_Activity_
Without the pictures, copy the entries below word for word.

_Supplied information_
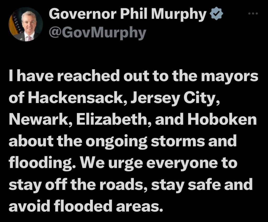 Numerous homes, and businesses are underwater this afternoon in Asbury Park, Jersey City, Hoboken, Newark, and Elizabeth. The National Weather Service has issued a flood warning throughout the state as torrential downpours come through the area. Asbury Park is underwater near Lake Ave. Flood waters are expected to continue to rise throughout the evening. Avoid the area as numerous people are stuck, and roads are closed.
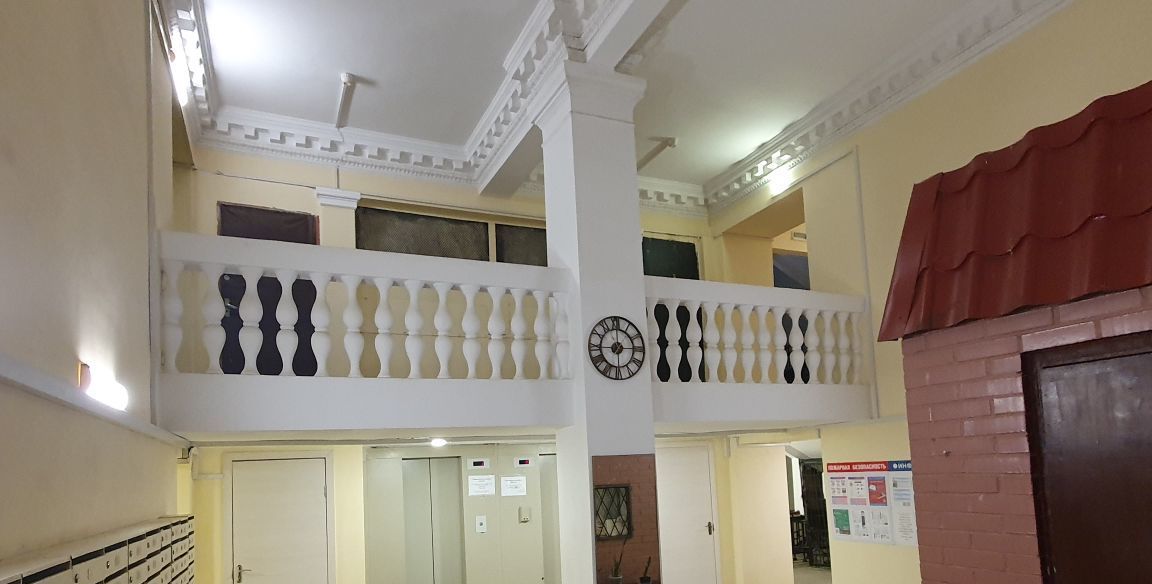 Продаётся квартира в шикарном доме - "сталинке" 1957 года постройки, с прекрасной входной группой, шикарным холлом, с консьержкой, с "башенками" на крыше. Без ступеней до лифтов. Два пассажирских лифта и два лестничных марша.
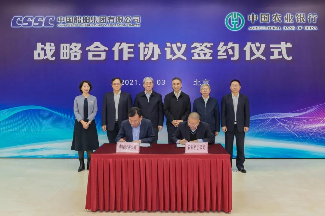 會上,在雙方領(lǐng)導(dǎo)的共同見證下,中國船舶集團旗下中船貿(mào)易與農(nóng)業(yè)銀行農(nóng)銀租賃簽署相關(guān)合作協(xié)議。
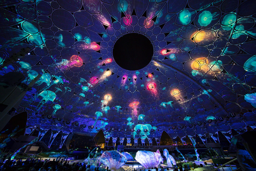 夜幕降临,世博园中心拥有360度投影面的穹顶上演灯光秀,巨大的半透明球形建筑变幻出迷人光影,仿佛隐喻着生生不息、拥有无限可能的地球。(记者:王健;编辑:唐志强、马晓燕)
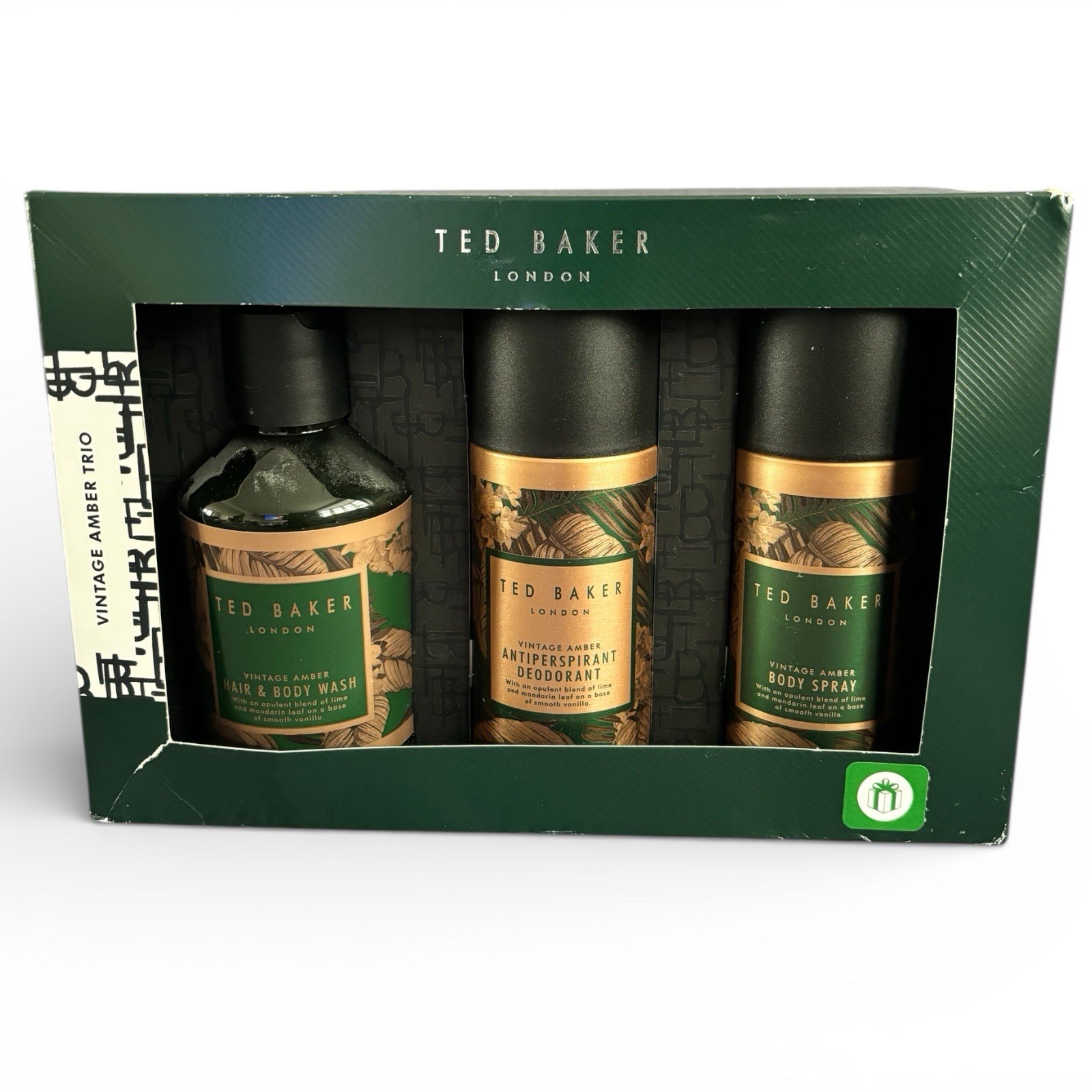 Ted Baker London Hair And Body Wash And Spray Gift Set Trio Vintage Amber NEW
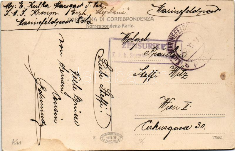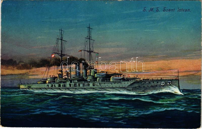 1917 SMS SZENT ISTVÁN osztrák-magyar haditengerészet Tegetthoff-osztályú csatahajója / K.u.k. Kriegsmarine / WWI Austro-Hungarian Navy dreadnought battleship. C. Fano Pola 1915/16. 21. + "Zensuriert" (fl)
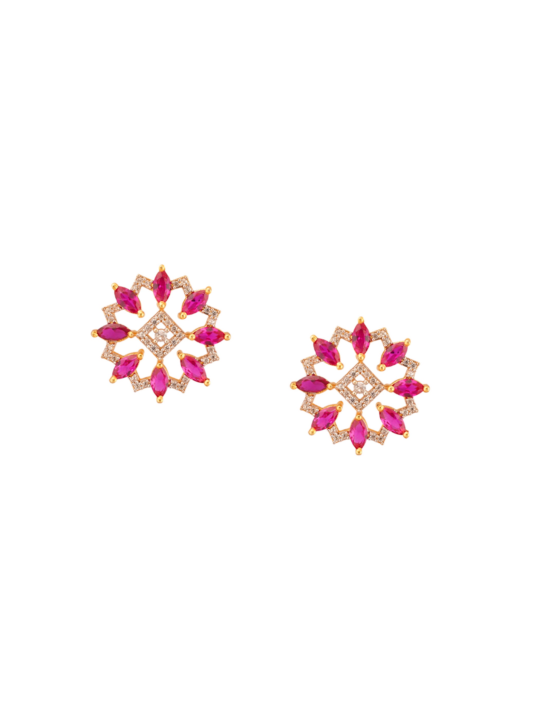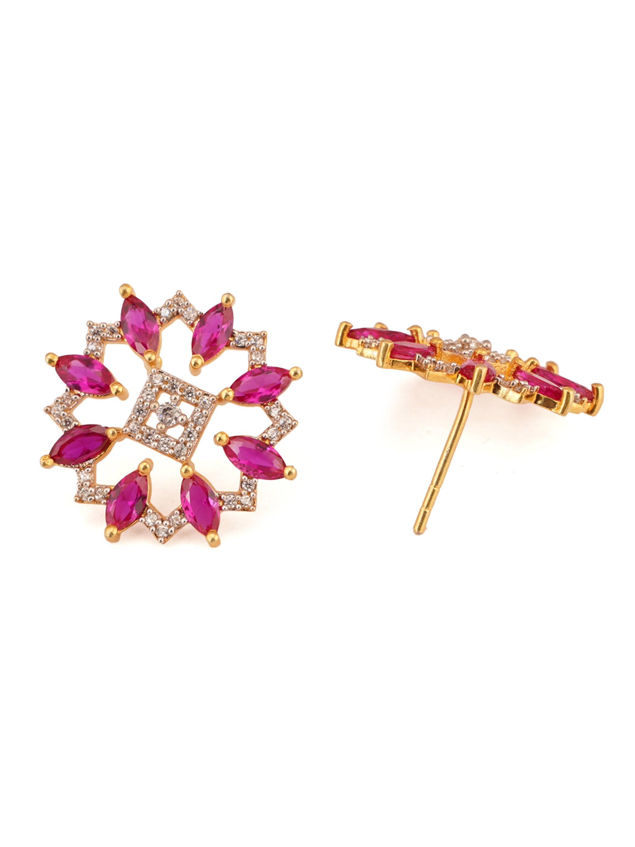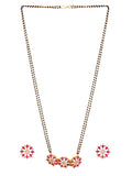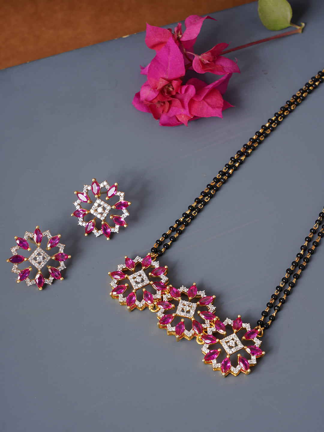 Shimmering Floret American Diamond CZ Gold Plated Brass Black Beaded Mangalsutra with and Red Studs
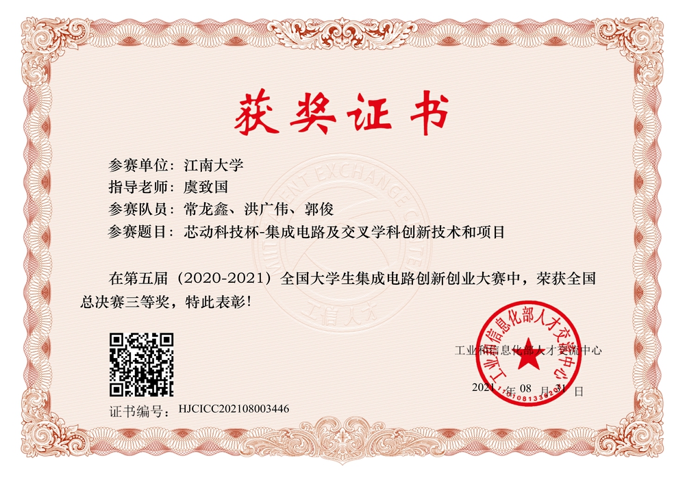 第五届全国老员工集成电路创新创业大赛获奖证书

_Result_
 Numerous homes, and businesses are underwater this afternoon in Asbury Park, Jersey City, Hoboken, Newark, and Elizabeth. The National Weather Service has issued a flood warning throughout the state as torrential downpours come through the area. Asbury Park is underwater near Lake Ave. Flood waters are expected to continue to rise throughout the evening. Avoid the area as numerous people are stuck, and roads are closed.
 Продаётся квартира в шикарном доме - "сталинке" 1957 года постройки, с прекрасной входной группой, шикарным холлом, с консьержкой, с "башенками" на крыше. Без ступеней до лифтов. Два пассажирских лифта и два лестничных марша.
 會上,在雙方領(lǐng)導(dǎo)的共同見證下,中國船舶集團旗下中船貿(mào)易與農(nóng)業(yè)銀行農(nóng)銀租賃簽署相關(guān)合作協(xié)議。
 夜幕降临,世博园中心拥有360度投影面的穹顶上演灯光秀,巨大的半透明球形建筑变幻出迷人光影,仿佛隐喻着生生不息、拥有无限可能的地球。(记者:王健;编辑:唐志强、马晓燕)
 Ted Baker London Hair And Body Wash And Spray Gift Set Trio Vintage Amber NEW
 1917 SMS SZENT ISTVÁN osztrák-magyar haditengerészet Tegetthoff-osztályú csatahajója / K.u.k. Kriegsmarine / WWI Austro-Hungarian Navy dreadnought battleship. C. Fano Pola 1915/16. 21. + "Zensuriert" (fl)
 Shimmering Floret American Diamond CZ Gold Plated Brass Black Beaded Mangalsutra with and Red Studs
 第五届全国老员工集成电路创新创业大赛获奖证书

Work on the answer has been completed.